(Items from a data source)
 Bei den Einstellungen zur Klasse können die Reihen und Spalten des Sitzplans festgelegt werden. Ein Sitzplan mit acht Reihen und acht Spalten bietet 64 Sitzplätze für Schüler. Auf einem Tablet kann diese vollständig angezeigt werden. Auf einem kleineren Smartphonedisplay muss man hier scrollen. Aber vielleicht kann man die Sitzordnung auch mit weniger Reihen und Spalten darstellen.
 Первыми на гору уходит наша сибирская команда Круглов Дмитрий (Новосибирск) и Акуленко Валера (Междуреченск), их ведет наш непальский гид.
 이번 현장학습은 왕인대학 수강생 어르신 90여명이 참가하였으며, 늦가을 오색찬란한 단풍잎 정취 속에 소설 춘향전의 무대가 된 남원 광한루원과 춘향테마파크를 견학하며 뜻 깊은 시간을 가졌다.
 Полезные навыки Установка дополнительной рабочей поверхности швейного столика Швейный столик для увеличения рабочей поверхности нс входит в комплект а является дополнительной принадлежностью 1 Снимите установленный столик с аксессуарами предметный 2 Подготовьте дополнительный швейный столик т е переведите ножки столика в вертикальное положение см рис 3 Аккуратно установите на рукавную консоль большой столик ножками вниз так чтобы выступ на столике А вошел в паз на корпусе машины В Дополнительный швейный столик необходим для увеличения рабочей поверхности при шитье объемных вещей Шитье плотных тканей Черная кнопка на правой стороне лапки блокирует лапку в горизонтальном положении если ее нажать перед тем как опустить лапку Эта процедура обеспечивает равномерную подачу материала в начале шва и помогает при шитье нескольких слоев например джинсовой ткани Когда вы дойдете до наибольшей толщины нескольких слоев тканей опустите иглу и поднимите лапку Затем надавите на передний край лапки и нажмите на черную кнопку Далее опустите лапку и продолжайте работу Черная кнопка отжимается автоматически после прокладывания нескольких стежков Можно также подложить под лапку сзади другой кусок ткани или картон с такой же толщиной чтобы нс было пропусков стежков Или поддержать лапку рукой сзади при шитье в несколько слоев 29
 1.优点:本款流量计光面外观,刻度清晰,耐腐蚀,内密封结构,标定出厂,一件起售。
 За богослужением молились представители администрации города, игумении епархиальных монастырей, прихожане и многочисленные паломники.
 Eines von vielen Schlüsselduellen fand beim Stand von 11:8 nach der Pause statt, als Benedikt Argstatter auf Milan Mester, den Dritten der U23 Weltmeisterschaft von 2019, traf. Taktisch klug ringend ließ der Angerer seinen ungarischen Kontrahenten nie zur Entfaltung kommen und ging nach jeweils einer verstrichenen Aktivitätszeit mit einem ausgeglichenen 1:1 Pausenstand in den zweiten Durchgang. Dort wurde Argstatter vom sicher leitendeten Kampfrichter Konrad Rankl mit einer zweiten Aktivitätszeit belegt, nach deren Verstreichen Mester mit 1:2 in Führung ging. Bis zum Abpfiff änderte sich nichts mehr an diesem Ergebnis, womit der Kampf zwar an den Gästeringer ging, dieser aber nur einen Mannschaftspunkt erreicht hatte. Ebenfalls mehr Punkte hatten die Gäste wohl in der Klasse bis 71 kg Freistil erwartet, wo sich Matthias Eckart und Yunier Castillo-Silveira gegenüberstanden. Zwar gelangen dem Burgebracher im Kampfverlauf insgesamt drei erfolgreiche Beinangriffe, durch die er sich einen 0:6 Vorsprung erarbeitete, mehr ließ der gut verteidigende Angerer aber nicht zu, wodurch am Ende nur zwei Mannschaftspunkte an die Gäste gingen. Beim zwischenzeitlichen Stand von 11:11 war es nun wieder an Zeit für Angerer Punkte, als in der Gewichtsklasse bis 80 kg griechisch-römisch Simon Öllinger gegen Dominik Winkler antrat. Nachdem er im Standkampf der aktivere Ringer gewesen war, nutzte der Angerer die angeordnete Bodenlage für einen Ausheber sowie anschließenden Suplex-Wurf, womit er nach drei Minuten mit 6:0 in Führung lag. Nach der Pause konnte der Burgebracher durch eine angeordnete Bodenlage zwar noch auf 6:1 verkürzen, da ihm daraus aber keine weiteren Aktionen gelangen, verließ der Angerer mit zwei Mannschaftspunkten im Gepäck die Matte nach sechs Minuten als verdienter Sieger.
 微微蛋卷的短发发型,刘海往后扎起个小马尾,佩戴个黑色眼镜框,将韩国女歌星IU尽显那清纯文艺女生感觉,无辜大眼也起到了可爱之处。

» **Work required**
Retype the entries precisely as they stand.

» **Result of the task**
 Bei den Einstellungen zur Klasse können die Reihen und Spalten des Sitzplans festgelegt werden. Ein Sitzplan mit acht Reihen und acht Spalten bietet 64 Sitzplätze für Schüler. Auf einem Tablet kann diese vollständig angezeigt werden. Auf einem kleineren Smartphonedisplay muss man hier scrollen. Aber vielleicht kann man die Sitzordnung auch mit weniger Reihen und Spalten darstellen.
 Первыми на гору уходит наша сибирская команда Круглов Дмитрий (Новосибирск) и Акуленко Валера (Междуреченск), их ведет наш непальский гид.
 이번 현장학습은 왕인대학 수강생 어르신 90여명이 참가하였으며, 늦가을 오색찬란한 단풍잎 정취 속에 소설 춘향전의 무대가 된 남원 광한루원과 춘향테마파크를 견학하며 뜻 깊은 시간을 가졌다.
 Полезные навыки Установка дополнительной рабочей поверхности швейного столика Швейный столик для увеличения рабочей поверхности нс входит в комплект а является дополнительной принадлежностью 1 Снимите установленный столик с аксессуарами предметный 2 Подготовьте дополнительный швейный столик т е переведите ножки столика в вертикальное положение см рис 3 Аккуратно установите на рукавную консоль большой столик ножками вниз так чтобы выступ на столике А вошел в паз на корпусе машины В Дополнительный швейный столик необходим для увеличения рабочей поверхности при шитье объемных вещей Шитье плотных тканей Черная кнопка на правой стороне лапки блокирует лапку в горизонтальном положении если ее нажать перед тем как опустить лапку Эта процедура обеспечивает равномерную подачу материала в начале шва и помогает при шитье нескольких слоев например джинсовой ткани Когда вы дойдете до наибольшей толщины нескольких слоев тканей опустите иглу и поднимите лапку Затем надавите на передний край лапки и нажмите на черную кнопку Далее опустите лапку и продолжайте работу Черная кнопка отжимается автоматически после прокладывания нескольких стежков Можно также подложить под лапку сзади другой кусок ткани или картон с такой же толщиной чтобы нс было пропусков стежков Или поддержать лапку рукой сзади при шитье в несколько слоев 29
 1.优点:本款流量计光面外观,刻度清晰,耐腐蚀,内密封结构,标定出厂,一件起售。
 За богослужением молились представители администрации города, игумении епархиальных монастырей, прихожане и многочисленные паломники.
 Eines von vielen Schlüsselduellen fand beim Stand von 11:8 nach der Pause statt, als Benedikt Argstatter auf Milan Mester, den Dritten der U23 Weltmeisterschaft von 2019, traf. Taktisch klug ringend ließ der Angerer seinen ungarischen Kontrahenten nie zur Entfaltung kommen und ging nach jeweils einer verstrichenen Aktivitätszeit mit einem ausgeglichenen 1:1 Pausenstand in den zweiten Durchgang. Dort wurde Argstatter vom sicher leitendeten Kampfrichter Konrad Rankl mit einer zweiten Aktivitätszeit belegt, nach deren Verstreichen Mester mit 1:2 in Führung ging. Bis zum Abpfiff änderte sich nichts mehr an diesem Ergebnis, womit der Kampf zwar an den Gästeringer ging, dieser aber nur einen Mannschaftspunkt erreicht hatte. Ebenfalls mehr Punkte hatten die Gäste wohl in der Klasse bis 71 kg Freistil erwartet, wo sich Matthias Eckart und Yunier Castillo-Silveira gegenüberstanden. Zwar gelangen dem Burgebracher im Kampfverlauf insgesamt drei erfolgreiche Beinangriffe, durch die er sich einen 0:6 Vorsprung erarbeitete, mehr ließ der gut verteidigende Angerer aber nicht zu, wodurch am Ende nur zwei Mannschaftspunkte an die Gäste gingen. Beim zwischenzeitlichen Stand von 11:11 war es nun wieder an Zeit für Angerer Punkte, als in der Gewichtsklasse bis 80 kg griechisch-römisch Simon Öllinger gegen Dominik Winkler antrat. Nachdem er im Standkampf der aktivere Ringer gewesen war, nutzte der Angerer die angeordnete Bodenlage für einen Ausheber sowie anschließenden Suplex-Wurf, womit er nach drei Minuten mit 6:0 in Führung lag. Nach der Pause konnte der Burgebracher durch eine angeordnete Bodenlage zwar noch auf 6:1 verkürzen, da ihm daraus aber keine weiteren Aktionen gelangen, verließ der Angerer mit zwei Mannschaftspunkten im Gepäck die Matte nach sechs Minuten als verdienter Sieger.
 微微蛋卷的短发发型,刘海往后扎起个小马尾,佩戴个黑色眼镜框,将韩国女歌星IU尽显那清纯文艺女生感觉,无辜大眼也起到了可爱之处。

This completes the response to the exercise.